Council finalizes where ARPA funds will go

The Odessa City Council formally allocated just over $8 million in American Rescue Plan Act money Tuesday night and managed to accommodate a last minute request from Harmony Home Children’s Advocacy Center that will allow it to expand.

Harmony Home, a non-profit agency that began in 1993, is devoted to helping children who have been the victims of sexual and physical abuse along with their families.

On Tuesday night, Executive Director Carrie Bronaugh told the council they want to update their facility because they’ve outgrown their space and their programs.

She asked the council for $300,000 and said the money would allow them to accommodate more therapists, some of whom would be able to offer different types of therapies. She also said they’d be able create a space for children to undergo sexual assault nurse exams instead of having to go to Medical Center Hospital.

With additional space, law enforcement, prosecutors and Child Protective Services caseworkers would be able to work under one roof, she said.
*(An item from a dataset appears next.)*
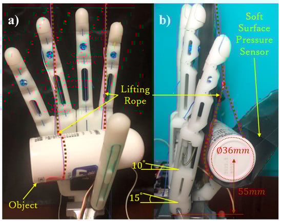 To verify the grasping ability for cylindrical objects of the arch analyzed in Section 3, we conducted an experiment performing arch motion. Figure 23 shows a cylindrical object (diameter 36 mm) lifted to a height of 55 mm to minimally allow the hand to contact the object performing the arch posture. Before the experiment, we set the hand to the initial contact position, as shown in Figure 23b, such that the thumb is adducted to 90° and the flexion angles of the little- and ring-metacarpals reach their flexion limits of 15 and 10°, respectively. Then, a 2-mm thick soft-surface pressure sensor (Tactilus bt5010-5101-16×5; Sensor Products Inc., Madison, NJ, USA) was wrapped around the object to measure the pressure acting on each phalange and metacarpal and to obtain the approximate position of the force contact points. It is worth mentioning that the implemented prosthetic hand weighs only 146 g, being notably below the suggested limit of 370 g [34].

In addition, Bronaugh said they hope to add an extra forensic interview room, allowing them to increase the number of sessions by 180-200 per week.

The council said they couldn’t provide the entire amount, but they did agree to provide Harmony Home $250,187.
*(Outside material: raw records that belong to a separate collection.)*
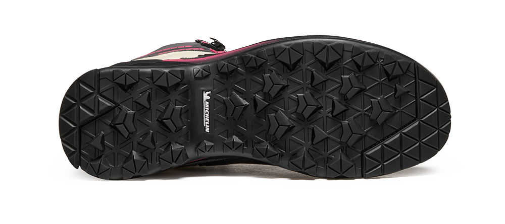 Il cuore del progetto è la suola Michelin, sviluppata per un utilizzo approach e hiking tecnico. La struttura dual-compound ottimizza il bilanciamento tra aderenza e durabilità, migliorando la trazione su superfici rocciose e irregolari e aumentando la sicurezza in fase di appoggio. L’integrazione della tecnologia fiberlite contribuisce alla riduzione del peso complessivo della calzatura, mantenendo al tempo stesso flessibilità, comfort dinamico e trazione affidabile anche in condizioni di utilizzo prolungato.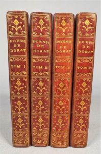 DORAT. Poésies. Genève, s.n. (Cazin), 1777. 4 volumes in-16, maroquin rouge, filets dorés sur …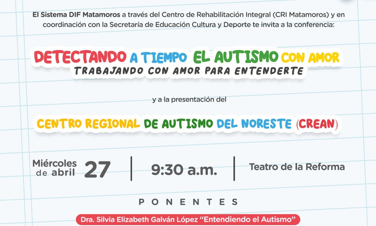 El Sistema DIF Matamoros estará llevando a cabo una conferencia sobre el tema del Autismo.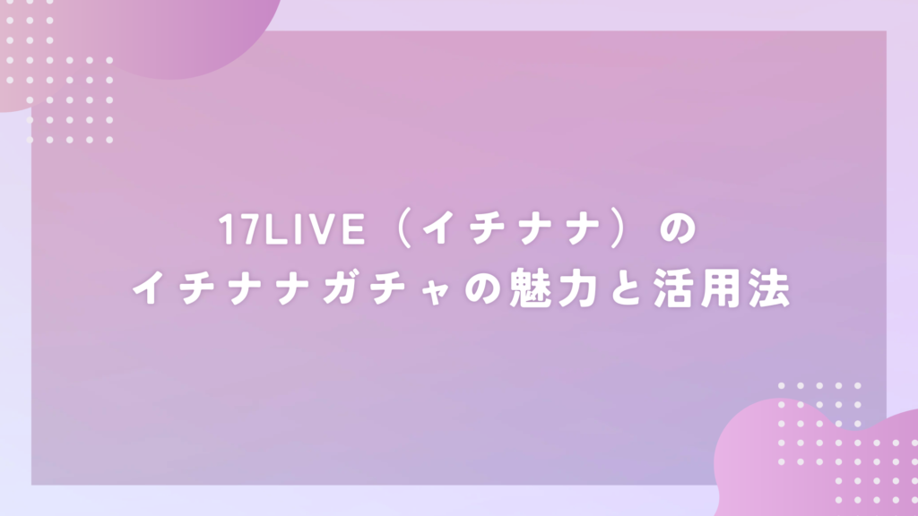 皆さんは17LIVE(イチナナ)で、「イチナナガチャ」を使ったことはあるでしょうか?

In previous meetings, the council had informally committed much of the $8 million to Odessa Fire Rescue and the Odessa Police Department and they formalized that commitment Tuesday night.

The OFR will receive a new computer-aided dispatch system, Stryker cots and power loads for eight new ambulances, hydraulic rescue tools, a tender truck and wildland brush truck.

OPD’s public restrooms and elevators will be upgraded and the parking lot at 201 N. Grant will be demolished.

The funds will also pay for new lights and safety rails at the Derrington Wastewater Treatment plant, upgrades to the plant’s cranes, new fencing and a grit removal system.

The council also unanimously approved a new social media and media relations policy. City Manager John Beckmeyer said under the new policy most media relations will now come from the city’s communications department with oversight from the city manager.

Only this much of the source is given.